Aside from the theoretical legal underpinnings of his argument, the employee specifically requests us to consider first, and in isolation, the question of whether his work stress was unusual and extraordinary. AS 23.30.135 gives us very broad discretion in determining the procedure of our adjudications, specifically to best ascertain the rights of the parties. We will consider his request in light of the guideline from AS 23.30.135(a).

The statutory presumption of compensability for physical injury claims does not apply to a claim of mental injury caused by work-related stress. AS 23.20.120(c). In Williams v. State of Alaska, 939 P.2d 1065, 1071-72 (Alaska 1997), our Supreme Court held:

To prevail, [Employee] had to establish by a preponderance of the evidence, without benefit of the presumption of compensability, that: (1) "the work stress was extraordinary and unusual in comparison to pressures and tensions experienced by individuals in a comparable work environment"; and (2) the work stress, as measured by actual events, "was the predominant cause of the mental injury. . . . [E]ach element of the test for mental injury arising from work-related stress is mandatory. . . ." (Emphasis in original).

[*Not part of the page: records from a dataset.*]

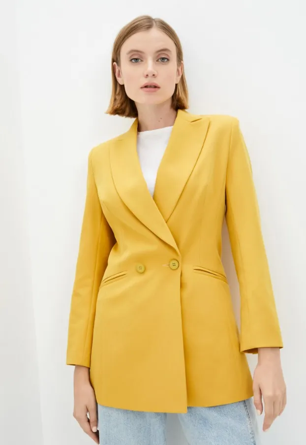 Приглушенный желтый цвет — то, что нужно весеннему гардеробу. Удлиненный приталенный блейзер будет стильно смотреться поверх базовой футболки любого цвета. В качестве низа выбирай юбку-карандаш длины миди, широкие брюки на высокой посадке или прямые светлые джинсы.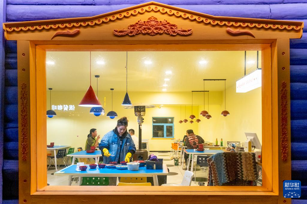 9月25日,在内蒙古呼伦贝尔市额尔古纳市恩和俄罗斯族民族乡恩和村,人们在一家木刻楞风格的餐馆进餐。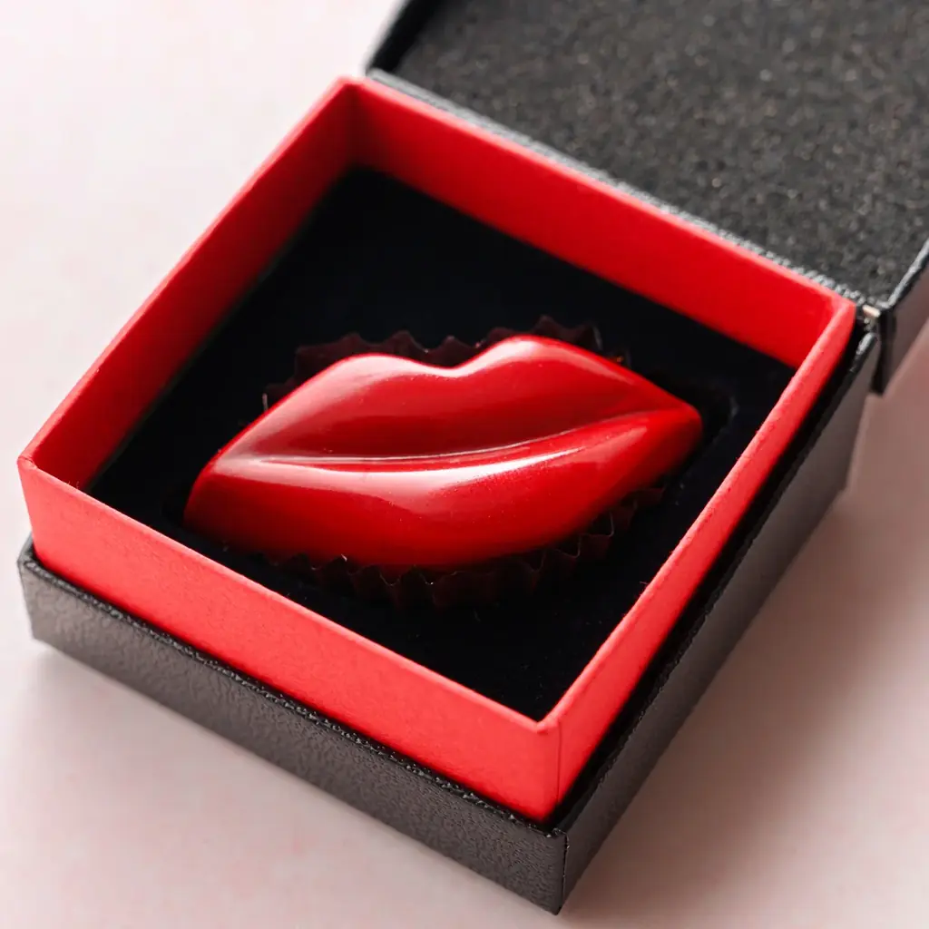 LOVEKISS(ラブキス)は毎年人気のリップ型ショコラで、今年もバレンタイン限定商品として登場します。価格は税込648円です。外観は鮮やかなルージュを模し、視覚的なインパクトを与える造形になっています。

Because the statutory presumption of compensability does not apply to the employee's mental injury claim, he must prove his claim by a preponderance of the evidence. "Where one has the burden of proving asserted facts by a preponderance of the evidence, he must induce a belief in the minds of the [triers of fact] that the asserted facts are probably true. Saxton v. Harris, 395 P.2d 71, 72 (Alaska 1964). Claims for a mental injury must be based on actual events, not Employee's perception of the events. Arnold v. Tyson Seafoods Group, AWCB Decision No. 97-0253 (December 11, 1997).

For mental injuries arising from work-related stress, the Alaska Supreme Court requires that we must find each element of the test has been met independently before we can find the claim compensable. Williams, 939 P.2d at 1071-72. See Pool v. City of Wrangell, AWCB Decision No. 99-0191 (September 16, 1999).

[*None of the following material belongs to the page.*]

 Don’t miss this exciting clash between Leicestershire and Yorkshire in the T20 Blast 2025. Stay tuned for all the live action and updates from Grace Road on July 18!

Based on our review of the full written record, and the argument of the parties, we find many of the same witnesses and documents will be needed for the evaluation of each of the elements of a compensable mental injury under AS 23.30.395(17). Whether or not we eventually need to bifurcate certain issues in this case, we find we can best ascertain the rights of these parties by hearing and deciding all the elements of the test for a compensable mental injury under AS 23.30.395(17) in a single hearing. Under AS 23.30135, we deny the employee’s petition to hear separately the issue of whether the employee suffered extraordinary and unusual stress in his work as a magistrate for the employer.

ORDER

1. We have jurisdiction under AS 23.30.110(a) to hear all aspects of the employee’s mental stress claim.

2. Under AS 23.30135, we deny the employee’s petition to hear the issue of whether the employee suffered extraordinary and unusual stress in his work as a magistrate for the employer, separately from all other issues in his claim. All elements of AS 23.30.395(17) will be heard in a single proceeding.

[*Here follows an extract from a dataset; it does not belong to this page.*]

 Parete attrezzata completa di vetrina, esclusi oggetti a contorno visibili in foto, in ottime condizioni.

Dated at Anchorage, Alaska this 22nd day of February, 20000.

ALASKA WORKERS' COMPENSATION BOARD

/s/ William Walters
William Walters, Designated Chairman

/s/ John A. Abshire
John A. Abshire, Member

RECONSIDERATION

A party may ask the Board to reconsider this decision by filing a petition for reconsideration under AS 44.62.540 and in accordance with 8 AAC 45.050. The petition requesting reconsideration must be filed with the Board within 15 days after delivery or mailing of this decision.

MODIFICATION

Within one year after the rejection of a claim or within one year after the last payment of benefits under AS 23.30.180, 23.30.185, 23.30.190, 23.30.200 or 23.30.215 a party may ask the Board to modify this decision under AS 23.30.130 by filing a petition in accordance with 8 AAC 45.150 and 8 AAC 45.050.

CERTIFICATION

I hereby certify that the foregoing is a full, true and correct copy of the Interlocutory Decision and Order in the matter of TIM JANNOTT employee / petitioner; v. ALASKA COURT SYSTEM, STATE OF ALASKA, self-insured employer / respondent; Case No. 199922119; dated and filed in the office of the Alaska Workers' Compensation Board in Anchorage, Alaska, this 22nd day of February, 2000.